“Now once more about the breaking off of the engagement between Robert Erskine and Miss Heilbronner. I wish you'd tell me all you know about it.”

“I never got to the bottom of it because Rob was too cut up to talk of it. Perhaps it was only that old man Heilbronner didn't think the mills were turning out enough money for his daughter. He tried his best to get the place away from Rob, but Rob wouldn't let it go. There was some sort of a clause by which he could purchase it, so much down at once and the rest yearly. He had paid the sum down out of the ranch sale, and I guess the old man was always hoping he'd trip up on his payments, but Rob held on for seven years in spite of all, and then they—he—failed on the last instalment. Oh, Mr. Pointer, it was cruel! He first, and then Jack with him, had worked so hard. They had done without everything, pleasures, or enough sleep, or even”—she choked—“enough food those last months, and they just slipped up on it. He needed five thousand pounds, and so, though it cut him to do it, he wrote to his mother for the loan of the money. She sent one thousand pounds and he couldn't scrape the rest of the money together, try as he could. No one in Toronto would give him any help. That was the doing of the Silk Amalgamated. So he lost the mills and they even tried to turn him and Jack out of their positions, but Rob and he refused to leave. And that”—she sprang to her feet again. “I'm sure that is the real reason for the charge of embezzlement—just to break Rob and Jack because they dared to stand out against the Amalgamated. Mr. Heilbronner swore that they had been cheating the company out of its percentages for three years. Said that the Amalgamated had proofs of big orders carried out at the Toronto Mills which weren't entered on the books and on which nothing had been paid.”

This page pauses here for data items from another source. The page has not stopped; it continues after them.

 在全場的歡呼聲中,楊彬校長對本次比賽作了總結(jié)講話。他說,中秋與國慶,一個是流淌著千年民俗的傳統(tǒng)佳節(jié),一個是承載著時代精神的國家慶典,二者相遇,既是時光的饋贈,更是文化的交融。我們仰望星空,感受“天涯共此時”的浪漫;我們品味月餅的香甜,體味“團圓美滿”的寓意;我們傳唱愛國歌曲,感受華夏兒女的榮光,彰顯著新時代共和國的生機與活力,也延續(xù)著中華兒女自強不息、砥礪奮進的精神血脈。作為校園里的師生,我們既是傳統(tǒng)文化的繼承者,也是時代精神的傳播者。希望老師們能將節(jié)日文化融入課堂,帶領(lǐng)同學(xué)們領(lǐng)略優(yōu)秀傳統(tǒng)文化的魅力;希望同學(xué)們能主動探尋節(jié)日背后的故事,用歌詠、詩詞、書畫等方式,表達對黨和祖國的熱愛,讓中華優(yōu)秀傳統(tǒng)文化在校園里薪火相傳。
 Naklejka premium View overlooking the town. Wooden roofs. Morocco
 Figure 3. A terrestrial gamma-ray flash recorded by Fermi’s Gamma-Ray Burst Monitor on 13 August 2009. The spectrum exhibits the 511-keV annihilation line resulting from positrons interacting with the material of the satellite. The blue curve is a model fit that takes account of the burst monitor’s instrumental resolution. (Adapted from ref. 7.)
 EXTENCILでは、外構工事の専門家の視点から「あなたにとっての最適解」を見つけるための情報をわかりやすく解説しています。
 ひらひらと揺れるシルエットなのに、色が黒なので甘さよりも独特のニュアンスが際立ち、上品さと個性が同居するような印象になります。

Pointer tried here and there to come upon something approaching a clue, but finally he saw Miss West into a taxi, and promised to call upon her next morning. Then he sat up till far into the night trying to clear up the new tangles which she had introduced.

Why—among many other ways—had Erskine given no idea of the nature of his work to his mother? He had only written infrequently, but even so he never referred to it. He only asked for funds and wrote as an idle young man about town. Why had he told Miss West that he had asked for five thousand pounds, when Pointer had read his own letter asking for one thousand pounds exactly. Where had the rest of the money gone which the young man had asked for and received, at the rate of about two thousand a year? As yet Pointer had been able to find no proof that Erskine speculated, though had he done so under another name it would be difficult to trace it. However, the Chief Inspector went to bed with a clear plan as to how Miss West would work into his schemes.

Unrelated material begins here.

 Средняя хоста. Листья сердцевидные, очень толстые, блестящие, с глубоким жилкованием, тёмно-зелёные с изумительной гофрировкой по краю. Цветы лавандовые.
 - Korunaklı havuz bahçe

When he saw her next morning the wily man began by regretting that there seemed no way in which she could make herself of actual service such as she wanted to be engaged on, and only when Miss West was in a sufficiently subdued frame of mind at the idea of not being able to help after all did he advance his suggestion.

“I hope you won't mind my asking,” he began, “but is there any—eh—tie between you and Mr. Carter?”

“He won't let me consider myself engaged to him, but if ever he gets enough money to marry on, he and I are going to be married. I have a little income of my own, but he won't let that count.” She gave a proud little smile.

“I see.” Pointer looked reflectively at his gloves. “I see. I was wondering if there isn't some way we could use your offer of help, but there is only one and you might not care for that.” He seemed to dismiss the idea. She leant forward eagerly.

“Oh, but I'll do anything. Anything. I would for Rob's sake, let alone in the terrible position Jack is in. What is it, Mr. Pointer?”

“Well, it's this. I wonder if you could go to France and look up Mrs. Erskine's circle? As a sort of relation, well then a friend of the family, her solicitor, Mr. Russell, would give you a letter of introduction, I know. If possible I should like you to stay in the house and try to find some clue which might clear up all this game of cross-purposes, for that's what's going on, Miss West. There's no one case so tangled as this. What's happened, I feel sure, is that half-a-dozen ends have all got knotted up together. Now the real one may lie in the far past—back of Robert Erskine, or even of his father. I can see no other way of possibly stumbling on it than by trying to piece it out of his mother's recollections. Mrs. Erskine thinks there's nothing to tell, Mr. Russell says the same, but it's the only chance for a fresh cast as far as I can see. Will you go?”